• Problem requirements
In the listing below, print exactly the lines from the first through the one that contains "白色紗裙的仙氣程度爆燈!如果".

^^^^^^^^

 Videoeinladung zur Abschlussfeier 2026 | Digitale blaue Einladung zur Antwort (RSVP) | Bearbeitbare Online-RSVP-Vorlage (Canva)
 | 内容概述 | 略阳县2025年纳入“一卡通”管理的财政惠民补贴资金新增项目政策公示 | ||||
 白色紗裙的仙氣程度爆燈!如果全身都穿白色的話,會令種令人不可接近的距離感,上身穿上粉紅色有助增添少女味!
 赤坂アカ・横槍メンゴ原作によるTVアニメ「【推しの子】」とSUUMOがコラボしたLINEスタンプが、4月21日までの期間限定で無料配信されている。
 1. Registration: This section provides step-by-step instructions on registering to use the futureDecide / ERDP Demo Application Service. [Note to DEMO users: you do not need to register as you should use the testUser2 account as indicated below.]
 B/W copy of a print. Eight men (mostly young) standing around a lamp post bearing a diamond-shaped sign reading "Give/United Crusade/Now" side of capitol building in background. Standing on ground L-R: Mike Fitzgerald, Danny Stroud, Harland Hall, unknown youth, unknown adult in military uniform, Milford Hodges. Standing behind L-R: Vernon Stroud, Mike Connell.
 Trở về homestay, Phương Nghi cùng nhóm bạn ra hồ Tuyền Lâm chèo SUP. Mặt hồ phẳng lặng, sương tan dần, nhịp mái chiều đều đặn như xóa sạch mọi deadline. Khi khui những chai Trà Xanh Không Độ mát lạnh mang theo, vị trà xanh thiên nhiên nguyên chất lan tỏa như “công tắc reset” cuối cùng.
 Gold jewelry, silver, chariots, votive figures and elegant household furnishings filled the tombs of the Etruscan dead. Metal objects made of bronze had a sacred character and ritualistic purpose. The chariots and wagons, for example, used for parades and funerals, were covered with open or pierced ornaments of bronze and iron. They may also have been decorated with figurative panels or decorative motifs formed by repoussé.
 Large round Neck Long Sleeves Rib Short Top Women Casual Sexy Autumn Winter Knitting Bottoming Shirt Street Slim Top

^^^^^^^^

• Response to this exercise
 Videoeinladung zur Abschlussfeier 2026 | Digitale blaue Einladung zur Antwort (RSVP) | Bearbeitbare Online-RSVP-Vorlage (Canva)
 | 内容概述 | 略阳县2025年纳入“一卡通”管理的财政惠民补贴资金新增项目政策公示 | ||||
 白色紗裙的仙氣程度爆燈!如果全身都穿白色的話,會令種令人不可接近的距離感,上身穿上粉紅色有助增添少女味!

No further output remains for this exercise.